Maya didn’t get distracted by the solution space (which service mesh to choose). She stayed in the problem space long enough to reframe the problem itself.
2. Optimized for Adoption, Not Technical Purity
A service mesh would have been more technically complete. But it would have required:
- Months of infrastructure work before any value delivered
- Big-bang migration (high risk)
- Ongoing operational overhead
- Team training on new concepts
The library approach was technically “worse” in some ways, but infinitely better in the way that actually mattered: teams would actually use it.
3. Built Organizational Capability, Not Just Code
The library was useful, but the real output was:
- Teams learned to agree on standards
- A precedent for bottom-up adoption of practices
- Visible metrics that created social proof
- Decision records that codified organizational learning
Six months later, teams used the same pattern to standardize database access patterns. The capability to agree on and adopt standards became reusable.

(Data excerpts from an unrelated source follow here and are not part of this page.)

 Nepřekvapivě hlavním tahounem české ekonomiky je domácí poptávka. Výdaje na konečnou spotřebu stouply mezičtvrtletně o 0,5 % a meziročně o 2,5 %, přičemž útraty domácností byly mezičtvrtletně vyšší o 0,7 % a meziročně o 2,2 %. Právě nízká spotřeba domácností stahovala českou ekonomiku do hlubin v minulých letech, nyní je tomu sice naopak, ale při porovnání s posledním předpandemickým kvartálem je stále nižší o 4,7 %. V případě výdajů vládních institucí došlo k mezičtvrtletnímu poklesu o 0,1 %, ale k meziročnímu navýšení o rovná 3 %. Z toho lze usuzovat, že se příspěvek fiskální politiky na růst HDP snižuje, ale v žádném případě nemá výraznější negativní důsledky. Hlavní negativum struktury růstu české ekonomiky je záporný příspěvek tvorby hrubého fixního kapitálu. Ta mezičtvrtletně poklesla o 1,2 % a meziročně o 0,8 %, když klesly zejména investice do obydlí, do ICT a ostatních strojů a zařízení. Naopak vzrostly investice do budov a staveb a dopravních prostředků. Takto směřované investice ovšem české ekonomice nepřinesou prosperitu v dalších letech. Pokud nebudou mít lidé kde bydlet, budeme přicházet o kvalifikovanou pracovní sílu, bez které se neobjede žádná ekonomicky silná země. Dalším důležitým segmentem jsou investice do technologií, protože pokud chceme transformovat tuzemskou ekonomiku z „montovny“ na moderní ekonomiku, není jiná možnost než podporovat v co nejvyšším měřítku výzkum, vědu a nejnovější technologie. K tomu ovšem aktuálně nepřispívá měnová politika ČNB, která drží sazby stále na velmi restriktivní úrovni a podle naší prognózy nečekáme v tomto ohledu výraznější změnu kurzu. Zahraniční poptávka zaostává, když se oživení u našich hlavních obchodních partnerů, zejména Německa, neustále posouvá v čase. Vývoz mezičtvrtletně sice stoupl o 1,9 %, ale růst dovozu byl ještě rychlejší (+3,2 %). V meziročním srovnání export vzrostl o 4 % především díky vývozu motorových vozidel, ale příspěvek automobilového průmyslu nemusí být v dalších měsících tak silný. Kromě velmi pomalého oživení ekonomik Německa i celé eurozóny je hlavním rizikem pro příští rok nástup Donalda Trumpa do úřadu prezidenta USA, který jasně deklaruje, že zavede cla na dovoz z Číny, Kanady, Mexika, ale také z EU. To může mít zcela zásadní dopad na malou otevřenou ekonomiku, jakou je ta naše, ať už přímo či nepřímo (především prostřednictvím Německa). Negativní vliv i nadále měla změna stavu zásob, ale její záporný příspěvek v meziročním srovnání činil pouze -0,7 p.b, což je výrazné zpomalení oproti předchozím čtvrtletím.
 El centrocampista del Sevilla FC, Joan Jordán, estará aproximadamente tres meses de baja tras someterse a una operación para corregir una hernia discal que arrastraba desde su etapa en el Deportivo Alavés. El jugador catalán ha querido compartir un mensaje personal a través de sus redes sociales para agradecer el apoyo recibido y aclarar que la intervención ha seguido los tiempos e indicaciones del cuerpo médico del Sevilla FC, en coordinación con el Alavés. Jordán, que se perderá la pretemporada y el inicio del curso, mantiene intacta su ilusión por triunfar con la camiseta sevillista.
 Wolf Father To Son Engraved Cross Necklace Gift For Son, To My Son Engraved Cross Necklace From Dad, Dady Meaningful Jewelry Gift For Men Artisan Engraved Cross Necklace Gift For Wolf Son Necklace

4. Influenced Without Authority
Maya had zero direct reports. She couldn’t mandate adoption. Instead, she:
- Made success visible (dashboard showing compliant services)

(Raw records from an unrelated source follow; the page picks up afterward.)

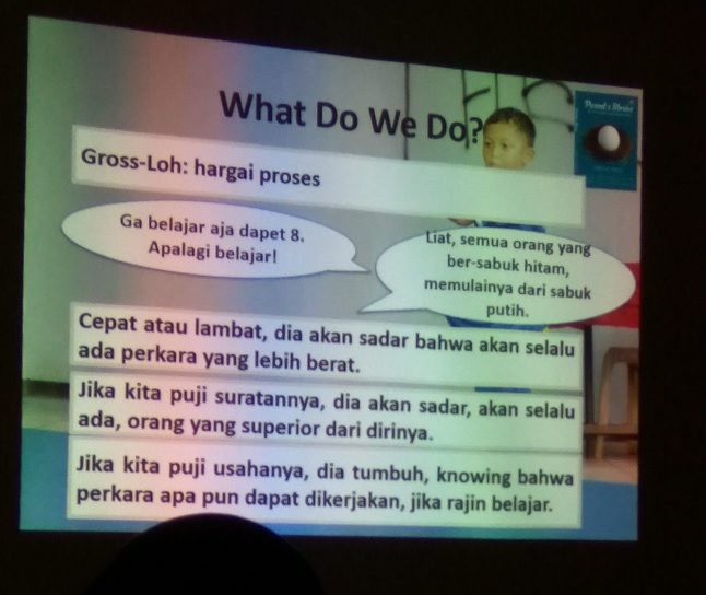 Sebaliknya, dalam rangka menjaga ego anak juga kita perlu memilah kata dalam mengkritik, misalnya “This is ok, you can do better, let’s practice more.” kalau gambarnya menurut kita masih belum bagus. Sesuaikan ekspektasi kita, contohnya kalau lego kan terbatas, wajar kalau anak mengkreasikan sesuatu tidak terlalu mirip dengan bentuk aslinya, beda dengan gambar. Kalau mau membandingkan kemampuan anak dengan anak lain, bandingkan dengan populasi (biasanya anak punya gengsi di situ), bingkai dengan positif. Jangan bandingkan dengan individu lain atau tunjuk anak lain misalnya temannya, “Lihat tuh si itu bisa….”.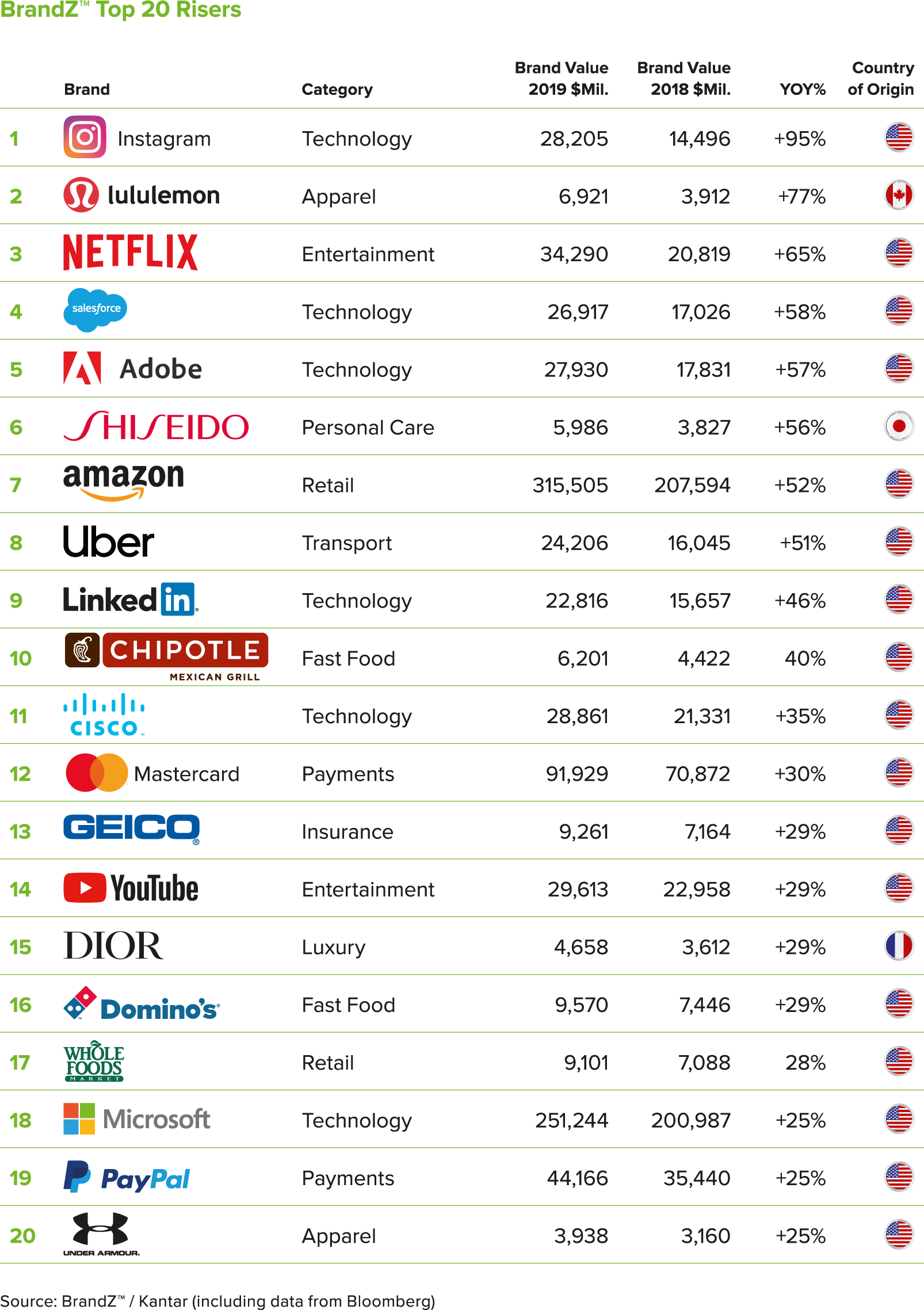 一方、急成長したブランドランキングでは、1位にSNSのInstagram (インスタグラム)、2位にLululemon(ルルレモン)が入っている。インスタグラムは10億人超にまでユーザーを増やしている。ルルレモンはヨガを中心としたアスリート向けのアパレルやグッズを販売して大人気のカナダのブランドだ。日本のブランドではShiseido(資生堂)がそのブランド価値を大きく伸ばしているが、TOP100にはランクインしていない。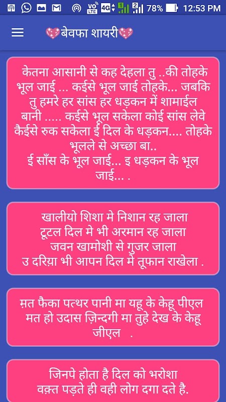 Bhojpuri language is speaking in Bihar, Uttar Pradesh mostly. But now it is world wide famous. In this Application you can read, copy and share on WhatsApp, Facebook and other social site. You will find Bhojpuri Jokes, Bhojpuri Love Shayari, Propose Shayari, Bhojpuri Sad Shayari, Bhojpuri Romance Shayari, Bhojpuri Miss You Shayari, and much more. These Bhojpuri new shayari and jokes topics are much in trending in these days. This App is easy to use and night weight. Below 10 MB. Attractive user interface. You can copy and share it on WhatsApp, Facebook and other social site or Apps.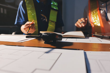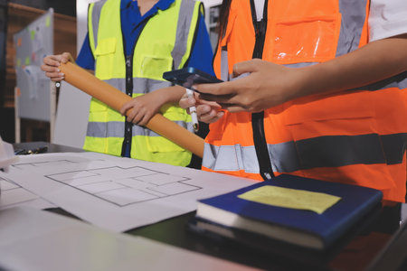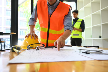 Architects man wearing reflective jackets working with blueprints, planning development details at meeting table.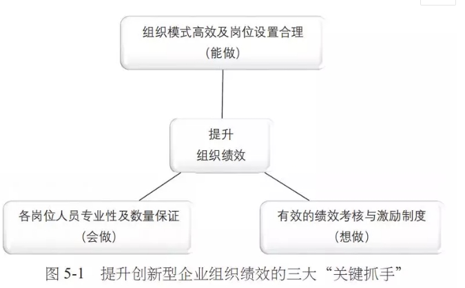提升組織績效的三大“關鍵抓手”:組織模式設計、人員專業性、績效考核與激勵制度,分別對應“能做”“會做”“想做”,如圖5-1所示。

- Made adoption easy (automated tooling, pairing sessions)
- Made the reasoning transparent (decision records)
- Made early adopters into advocates
This is the core of Staff Engineer work: multiplying impact through influence, not authority.
5. Reframed Problems for Stakeholders
When the VP wanted a service mesh, Maya could have built what was asked. Instead, she:
- Spent time understanding the real need
- Presented an alternative that met the need differently
- Showed adoption and impact data to justify the approach
- Helped stakeholders understand the trade-offs
This is pattern matching at an organizational level: recognizing that the stated solution might not solve the actual problem.
Lessons for Senior ICs
Start by understanding the problem space deeply. Maya spent three days shadowing teams before proposing solutions. This discovery phase is where Staff-level work differentiates itself from senior engineer work.
Make adoption part of the design. The best technical solution that nobody uses has zero impact. Maya designed for adoption from day one: minimal dependencies, gradual rollout, visible benefits.
Document decisions, not just code. Decision records built trust and made the reasoning transparent. This enabled others to contribute and adapt the approach.
Influence is about making the right thing easy and visible. Maya didn’t mandate adoption. She made the benefits visible (dashboard) and the adoption easy (tooling, pairing). Social proof did the rest.
Reframe problems when the stated solution doesn’t match the actual need. The courage to say “we don’t need what was asked for” is what separates order-takers from technical leaders.
Build capability, not just features. The real output wasn’t the library—it was the organization’s improved ability to agree on and adopt technical standards.
The Follow-Up
Eighteen months later, the standards library was used by 184 of 220 services. Teams contributed 50+ improvements. The infrastructure team had become enablers of standards adoption rather than gatekeepers.
More significantly, the pattern repeated: teams used the same approach to standardize database access, logging, and feature flags. The organization had learned how to learn.
Maya’s title didn’t change. She didn’t get promoted to management. But her impact multiplied through the practices and patterns that became embedded in how the organization solved problems.
That’s the work of a Staff Engineer: changing how the organization solves problems, not just solving today’s problem.